Query-Oriented XML Compressors

XGrind. The technique described in [9] is intended to simultaneously provide efficient query-processing performance and reasonable compression ratios. Basic requirements to achieve the former objective are (i) fine-grained compression at the element/attribute granularity of query predicates, and (ii) context-free compression assigning codes to data items independent of their location in the document. Algorithms such as LZ77 are not context-free, and therefore XGrind uses non-adaptive Huffman (or Arithmetic) coding, in which two passes are made over the XML document – the first to collect the statistics and the second to do the actual encoding. A separate character-frequency distribution table is used for each element and non-enumerated attribute, resulting in fine-grained characterization. The DTD is used to identify enumerated-type attributes and their values are encoded using a simple binary encoding scheme, while the compression of XML tags is similar to that of XMill. With this scheme, exact-match and prefix-match queries can be completely carried out directly on the compressed document, while range or partial-match queries only require on-the-fly decompression of the element/attribute values that feature in the query predicates.

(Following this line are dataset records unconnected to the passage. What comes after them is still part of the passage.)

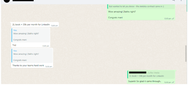 Personal Branding Client closed INR 2L Deal + 30K/month retainer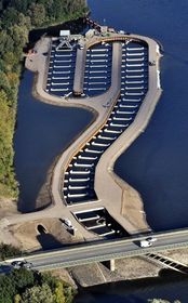 | Según su Aplicación | Presa de derivación en el río Mosa: La bocatoma está en la margen derecha del río. La estructura que atraviesa el río sirve para crear un pequeño represa-miento para garantizar el funcionamiento de la bocatoma. Presas filtrantes o diques de retención: Son aquellas que tienen la función de retener sólidos, desde material fino, hasta rocas de gran tamaño, transportadas por torrentes en áreas montañosas, permitiendo sin embargo el paso del agua. |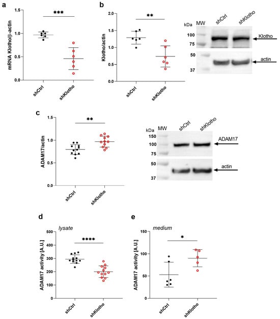 Numerous studies have shown that Klotho deficiency is strongly associated with the pathogenesis of diabetic kidney disease [29]. Our previous study demonstrated that the shedding of soluble Klotho was increased in hyperglycemia and caused a decrease in the amount of podocyte membrane-bound Klotho, affecting podocyte filtration functions [22]. Additionally, our recent study revealed that Klotho deficiency in podocytes induced oxidative stress and increased ADAM10 activity in an extracellular medium with a concomitant increase in albumin permeability through an shKlotho podocyte monolayer [30]. Thus, in the next step of our study, we silenced Klotho gene expression in podocytes by lentiviral transduction of Klotho shRNA and examined the ADAM17 protein levels in shKlotho podocytes, and the ADAM17 activity in both the shKlotho cell lysate and extracellular medium. A decrease in Klotho expression was confirmed through real-time PCR (52% decrease in Klotho mRNA levels; p = 0.0005; Figure 5a), and Western blot (43% decrease in Klotho protein levels; p = 0.0042; Figure 5b). Klotho gene silencing caused a 22% increase in ADAM17 protein levels (p = 0.002; Figure 5c), decreased ADAM17 activity by 32% in the shKlotho podocytes (p < 0.0001; Figure 5d), and significantly increased ADAM17 activity by 70% in the extracellular medium (p = 0.0340; Figure 5e). These findings indicate that the loss of Klotho promotes the shedding of ADAM17 in podocytes and supports the link between Klotho and ADAM17 in the context of podocyte function.

A distinguishing feature of the XGrind compressor is that it ensures homomorphic compression – that is, its output, like its input, is semi-structured in nature. In fact, the compressed XML document can be viewed as the original XML document with its tags and element/attribute values replaced by their corresponding encodings. The advantage of doing so is that the variety of efficient techniques available for parsing/querying XML documents can also be used to process the compressed document. Second, indexes can be built on the compressed document similar to those built on regular XML documents. Third, updates to the XML document can be directly executed on the compressed version. Finally, a compressed document can be directly checked for validity against the compressed version of its DTD.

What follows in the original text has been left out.